> [What the exercise asks] Could you restate word for word only the lines below from the one holding "Ужо ў 40 краінах." to the one holding "除了工人正在忙碌以外,一辆大", inclusive, and leave out the pictures?

> [Collected data]
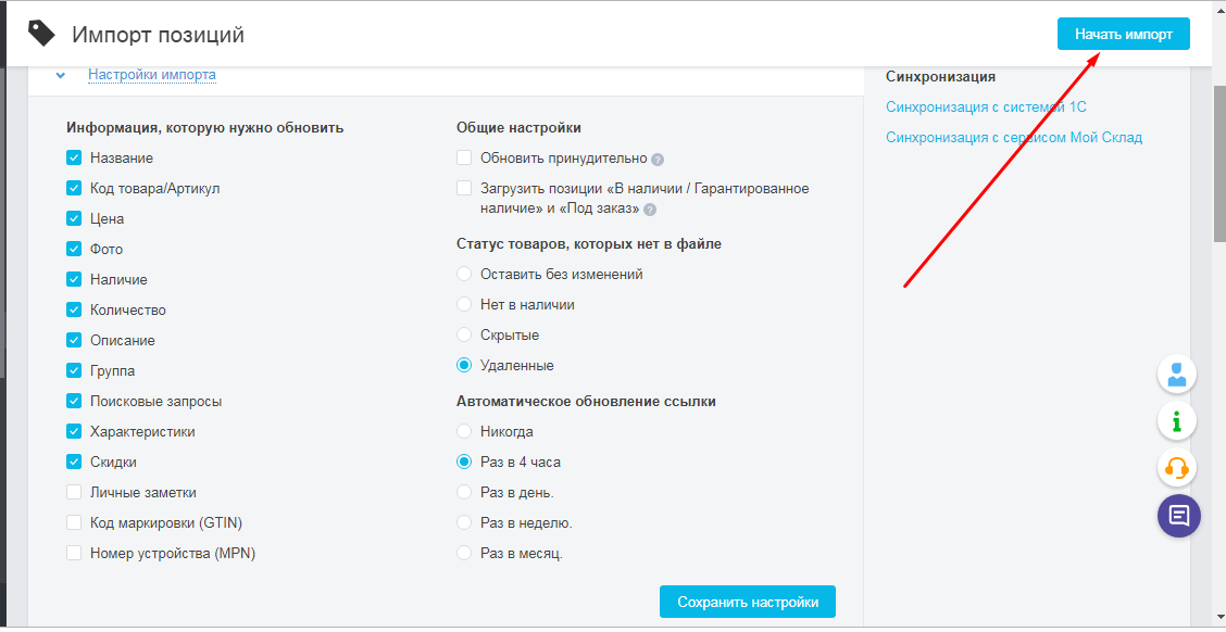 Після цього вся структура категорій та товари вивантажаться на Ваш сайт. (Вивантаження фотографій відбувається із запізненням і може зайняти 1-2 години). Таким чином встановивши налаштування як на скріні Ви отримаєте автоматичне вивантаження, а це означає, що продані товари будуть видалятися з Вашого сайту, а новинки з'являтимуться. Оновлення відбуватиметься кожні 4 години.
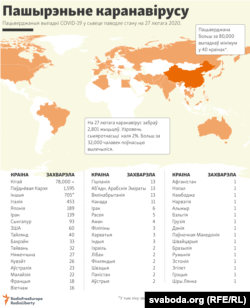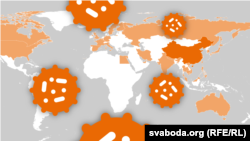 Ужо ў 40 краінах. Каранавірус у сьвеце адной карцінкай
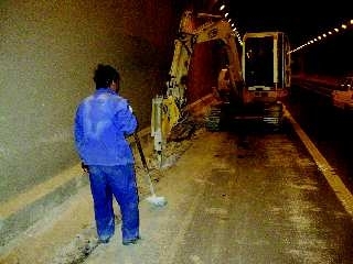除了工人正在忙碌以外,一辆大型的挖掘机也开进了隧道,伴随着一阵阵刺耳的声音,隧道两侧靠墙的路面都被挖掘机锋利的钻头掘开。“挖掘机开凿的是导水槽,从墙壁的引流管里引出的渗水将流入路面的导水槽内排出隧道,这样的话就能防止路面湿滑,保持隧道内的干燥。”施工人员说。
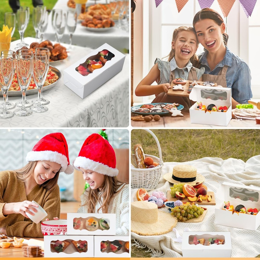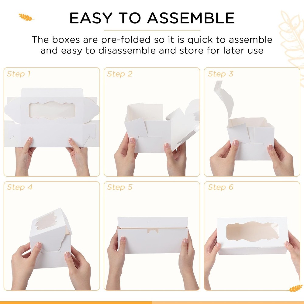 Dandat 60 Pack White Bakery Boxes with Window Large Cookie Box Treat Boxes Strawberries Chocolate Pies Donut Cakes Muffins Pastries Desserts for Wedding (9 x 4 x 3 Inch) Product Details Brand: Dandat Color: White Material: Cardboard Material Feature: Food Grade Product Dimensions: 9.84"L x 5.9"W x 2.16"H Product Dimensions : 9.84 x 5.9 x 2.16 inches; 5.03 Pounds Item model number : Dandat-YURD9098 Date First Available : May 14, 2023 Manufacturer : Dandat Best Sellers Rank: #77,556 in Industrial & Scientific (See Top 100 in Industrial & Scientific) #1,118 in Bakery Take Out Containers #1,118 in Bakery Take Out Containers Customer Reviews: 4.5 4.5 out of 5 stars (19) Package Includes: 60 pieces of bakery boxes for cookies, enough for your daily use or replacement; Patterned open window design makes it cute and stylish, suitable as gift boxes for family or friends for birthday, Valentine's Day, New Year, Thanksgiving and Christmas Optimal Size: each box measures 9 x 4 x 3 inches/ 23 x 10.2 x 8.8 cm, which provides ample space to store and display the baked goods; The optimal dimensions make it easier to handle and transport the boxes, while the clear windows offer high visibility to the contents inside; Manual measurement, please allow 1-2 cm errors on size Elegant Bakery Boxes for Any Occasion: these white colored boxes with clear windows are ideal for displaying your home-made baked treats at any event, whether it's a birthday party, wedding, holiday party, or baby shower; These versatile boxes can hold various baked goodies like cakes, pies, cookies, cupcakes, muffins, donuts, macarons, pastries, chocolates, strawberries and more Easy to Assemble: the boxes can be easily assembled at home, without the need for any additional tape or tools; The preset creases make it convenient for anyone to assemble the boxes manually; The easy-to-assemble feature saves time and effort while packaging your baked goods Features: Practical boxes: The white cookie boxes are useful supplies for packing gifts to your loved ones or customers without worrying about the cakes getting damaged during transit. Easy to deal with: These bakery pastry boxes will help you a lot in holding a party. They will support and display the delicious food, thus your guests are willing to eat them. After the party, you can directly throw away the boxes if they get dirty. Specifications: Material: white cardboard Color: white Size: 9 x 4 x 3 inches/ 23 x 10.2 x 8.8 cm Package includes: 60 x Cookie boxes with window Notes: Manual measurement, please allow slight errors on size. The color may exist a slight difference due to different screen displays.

> [Task result]
 Ужо ў 40 краінах. Каранавірус у сьвеце адной карцінкай
除了工人正在忙碌以外,一辆大型的挖掘机也开进了隧道,伴随着一阵阵刺耳的声音,隧道两侧靠墙的路面都被挖掘机锋利的钻头掘开。“挖掘机开凿的是导水槽,从墙壁的引流管里引出的渗水将流入路面的导水槽内排出隧道,这样的话就能防止路面湿滑,保持隧道内的干燥。”施工人员说。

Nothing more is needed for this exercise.